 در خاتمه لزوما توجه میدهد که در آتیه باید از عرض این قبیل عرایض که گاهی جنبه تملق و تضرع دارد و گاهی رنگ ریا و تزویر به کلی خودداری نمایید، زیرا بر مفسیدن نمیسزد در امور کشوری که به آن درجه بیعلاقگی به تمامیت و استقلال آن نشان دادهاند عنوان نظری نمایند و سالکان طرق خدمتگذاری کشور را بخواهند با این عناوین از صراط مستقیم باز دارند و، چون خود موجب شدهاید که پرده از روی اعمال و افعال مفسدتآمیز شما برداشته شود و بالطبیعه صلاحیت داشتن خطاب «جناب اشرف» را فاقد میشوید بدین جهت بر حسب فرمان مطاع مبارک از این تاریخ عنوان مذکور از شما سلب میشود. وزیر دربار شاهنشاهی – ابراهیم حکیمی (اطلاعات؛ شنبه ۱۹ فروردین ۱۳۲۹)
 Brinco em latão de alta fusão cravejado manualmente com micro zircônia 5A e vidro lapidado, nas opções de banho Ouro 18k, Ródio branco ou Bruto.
...
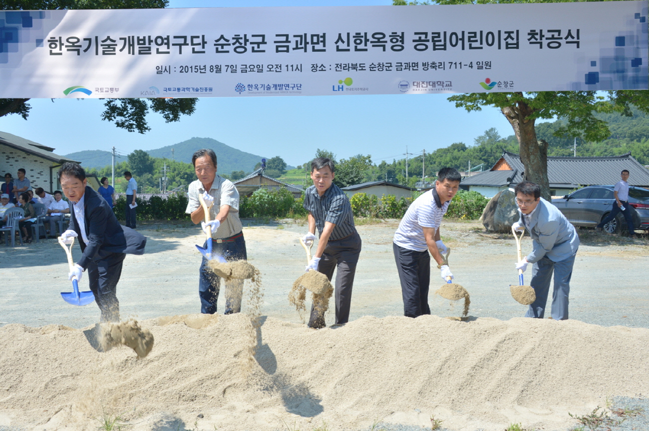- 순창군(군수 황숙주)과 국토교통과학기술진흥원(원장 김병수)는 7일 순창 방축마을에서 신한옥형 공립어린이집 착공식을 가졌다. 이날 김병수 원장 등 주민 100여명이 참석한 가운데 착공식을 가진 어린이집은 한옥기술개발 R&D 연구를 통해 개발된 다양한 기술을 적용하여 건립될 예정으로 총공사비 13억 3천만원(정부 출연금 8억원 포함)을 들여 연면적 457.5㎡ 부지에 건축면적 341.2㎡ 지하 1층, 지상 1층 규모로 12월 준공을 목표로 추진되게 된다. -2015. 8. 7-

[EXERCISE BRIEF]:
Please give back, exactly as it stands above, the stretch from the line with "در خاتمه لزوما" through the line with "Brinco em latão", and no line outside it.

[OUTPUT]:
 در خاتمه لزوما توجه میدهد که در آتیه باید از عرض این قبیل عرایض که گاهی جنبه تملق و تضرع دارد و گاهی رنگ ریا و تزویر به کلی خودداری نمایید، زیرا بر مفسیدن نمیسزد در امور کشوری که به آن درجه بیعلاقگی به تمامیت و استقلال آن نشان دادهاند عنوان نظری نمایند و سالکان طرق خدمتگذاری کشور را بخواهند با این عناوین از صراط مستقیم باز دارند و، چون خود موجب شدهاید که پرده از روی اعمال و افعال مفسدتآمیز شما برداشته شود و بالطبیعه صلاحیت داشتن خطاب «جناب اشرف» را فاقد میشوید بدین جهت بر حسب فرمان مطاع مبارک از این تاریخ عنوان مذکور از شما سلب میشود. وزیر دربار شاهنشاهی – ابراهیم حکیمی (اطلاعات؛ شنبه ۱۹ فروردین ۱۳۲۹)
 Brinco em latão de alta fusão cravejado manualmente com micro zircônia 5A e vidro lapidado, nas opções de banho Ouro 18k, Ródio branco ou Bruto.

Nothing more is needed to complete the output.